I haven’t see the mechanics of this addressed so far, but the “All but Over” construction in the hed seems to support this. Boras is a master of finding leverage and his problem here is that unless the Red Sox jump in right away it’s hard to generate much leverage to get the Yankees to bump up their offer.

On the other hand, the booming baseball economy could lead to a perennial also ran making an offer the maritally challenged A-Rod (Selena Roberts suggests elsewhere in today’s Times that Cynthia Rodriguez is behind the whole thing) can’t turn down.

I think the Texas money in the Yankees’ pocket makes it highly unlikely that A-Rod is going to find a good reason to go elsewhere, but the economics in the game are so crazy maybe he will. It certainly didn’t seem possible when the Rangers paid to dump him, did it?

Wahoo …

Joe Posnanski

Passionate and authoritative piece about the Indians’ team name and logo. I don’t think about banning the team name, but whenever I see the logo I marvel that they still use it. Posnanski makes it clear why they shouldn’t, and gives a nice colorful history lesson in the process.

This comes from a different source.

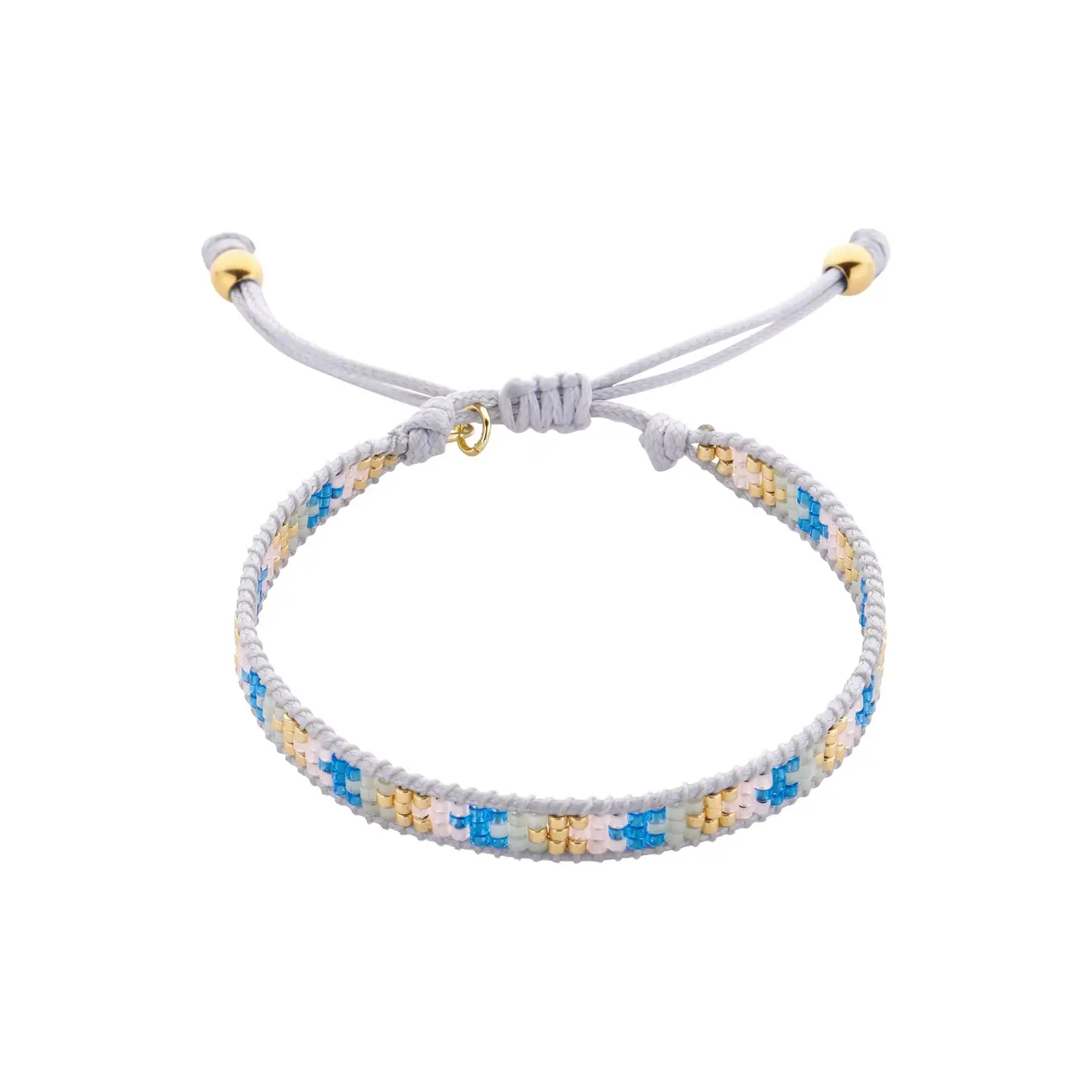 Leuke armband geweven. Gemaakt van nylon en miyuki glas kraaltjes. Je kunt de armband op maat stellen door het touwslotje aan de achterkant van de armband. Deze kun je open en weer dicht schuiven voor de gewenste maat! Leuk om te combineren met onze andere armbanden.

Appeals court sides with fantasy baseball company

ESPN

CDM went to the mat after MLBAM jacked up licensing prices (after buying out the Players Association’s rights) for fantasy content. This federal appeals court unanimously agreed that the players’ names and associated stats are news information and can be used by fantasy gamers without a license. It seems like an obvious conclusion, but you never know.

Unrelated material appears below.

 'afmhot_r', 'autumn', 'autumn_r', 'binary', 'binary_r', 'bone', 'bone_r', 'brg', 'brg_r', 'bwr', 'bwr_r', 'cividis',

The ruling should free innovators and entrepeneurs to get back into the game, though how stifling the consolidation of the last few years was remains to be seen. This is good news for everyone, including MLBAM (though they don’t know it yet).

Heed the 1-1

Baseball Prospectus | Unfiltered

I link here to mock, though I don’t know (and this post doesn’t help me) how meaningful it is to get a better or worse count at 1-1. It sure seems like it helped the Red Sox against the Angels to go 2-1 (vs 1-2), but we’re talking skimpy samples.  Even if this is an amazing discovery, this post does not satisfy. And I suspect it isn’t really an amazing discovery at all.

Young Hitters

Baseball Musings

David Pinto puts together a chart showing the average age for each team’s offense in 2007 based on plate appearances. Interesting to note the Diamondbacks’ youth, since they didn’t exactly overwhelm anyone this year, but even more interesting to see a difference of more than five years from top to bottom. I would have guessed it would have been less, aside from obvious outliers like the Giants.

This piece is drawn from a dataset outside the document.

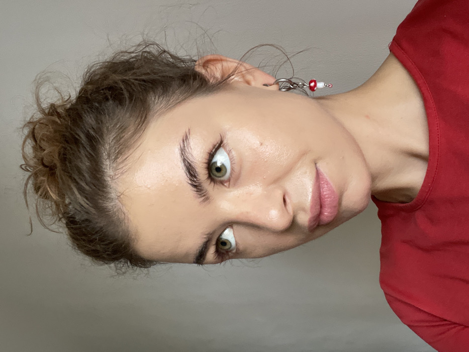An image captured in Boreti, Montenegro, features a young adult female from the chest up, positioned slightly to the right of the frame. She possesses light skin, light green eyes, and brown hair styled in a messy bun. Her head is angled slightly to the left, with her gaze directed upwards and to the left. She wears a plain red top. A silver-colored hoop earring, from which a red and white mushroom charm and a small red bead dangle, is visible on her right ear. The background consists of a plain, light grey wall.

It would be interesting to see these numbers calculated for a run of years and then compared to a team’s success over those years. Do teams get better as they get older and then crash? Do young teams inevitably get better? Are successful teams getting younger, as this year’s data seem to suggest? Just wondering.

Searching For Answers About the Mets’ Collapse Brings No Relief by Allen Barra

village voice

Barra has the numbers to demonstrate that the Mets’ problem was the bullpen, which everyone knew, and by how much, which everyone felt. But what he also has is a memory of how the Yankees finished the 2000 season, their last World Series championship. It was a far bigger collapse, only it ended up not hurting for reasons that had nothing to do with the Yankees.